Once everything is clear, it’s time to provide the solution. But before you start coding, a good tactic is to write down a few general steps. In this case, the first step may be to aggregate the data by the IDs in the from_user while counting the number of rows - this will give us the number of emails sent by each user. Next, we can use the rank() function to add the ranking values based on the number of emails. And the final step will be to prepare the final output by sorting the results by the number of emails and alphabetically by the user IDs.

  1. Aggregate the data by from_user while counting the number of rows
  2. Use rank() function to add ranking values based on the number of emails
  3. Sort the values by number of emails and user ID

Before we show you how this interview question may be solved, go on and give it a try in the code editor below. When you are done, you can click the ‘check solution’ button to see if you have obtained the expected output. Then scroll down to continue reading and check out the suggested solution to this question in Python.

For the first step, we will start by applying a groupby function to the original dataset, google_gmail_emails. We want to aggregate by from_user so this will be the parameter of the groupby function. Let’s give this aggregated DataFrame the name ‘result’.

result = google_gmail_emails.groupby('from_user')

But aside from the aggregation, we should also count the number of rows. So let’s add the size() function to do exactly that. We can reset the index so that the from_user column doesn’t become an index and we can still see it.

result = google_gmail_emails.groupby('from_user').size().reset_index()
Output for Data Science Coding Interview Question at Google

It may be problematic that this new column that basically represents the number of emails sent by each user, has an automatically generated name - zero. Remember that in an interview the readability and solution format are equally important as the correctness of the code. Let’s add a rename() function for readability.

result = google_gmail_emails.groupby('from_user').size().rename('total_emails').reset_index()
Output 2 for Data Science Coding Interview Question at Google

This is the first step. In the second step, let’s start by declaring a new column in the DataFrame ‘result’ - we can store the ranking values in this column.

result['rank'] =

Then, the ranking will be based on the column total_emails, the one that we have created by aggregating the data in the first step. So let’s apply the rank() function to this column.

result['rank'] = result['total_emails'].rank()
Output 3 for Data Science Coding Interview Question at Google

But right now, this is the default ranking function in Pandas that assigns the same values to users with the same number of emails. The ranking method we’re interested in, however, is called ‘first’ in Pandas so let’s add it as the parameter of the rank function.

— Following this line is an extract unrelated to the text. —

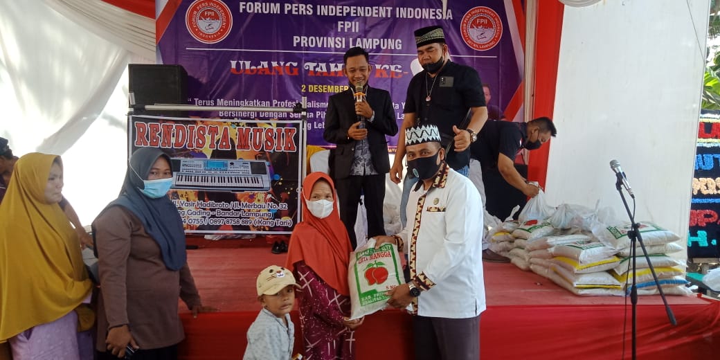 Gubernur Lampung Ir. Arinal Djunaidi yang diwakili Ganjar Jatono Kepala Dinas Kominfo Prov. Lampung, dalam sambutannya mengucapkan selamat ulang tahun kepada FPII Lampung serta mengaprisiasi kegiatan sosial pembagian sembako kepada sejumlah warga yang kurang mampu yang dilakukan oleh FPII.

result['rank'] = result['total_emails'].rank(method='first')
Output 4 for Data Science Coding Interview Question at Google

This is an improvement because it assigns a unique value to each user. But still, the user with 8 emails has a lower rank than the user with 10 emails and the question asks for the ranking to work in the other direction. By default, this function applies ranking based on the values in the total_emails column in ascending order. Since we’re interested in the descending order, so for the ranking to be from the highest number of emails to the lowest, let’s change the ascending parameter to false.

result['rank'] = result['total_emails'].rank(method='first', ascending=False)
Output 5 for Data Science Coding Interview Question at Google

This ranking seems correct so the only thing left to do is to sort the values by the number of emails and user ID. We can use the sort_values function and declare that we should sort both by the total_emails and from_user columns.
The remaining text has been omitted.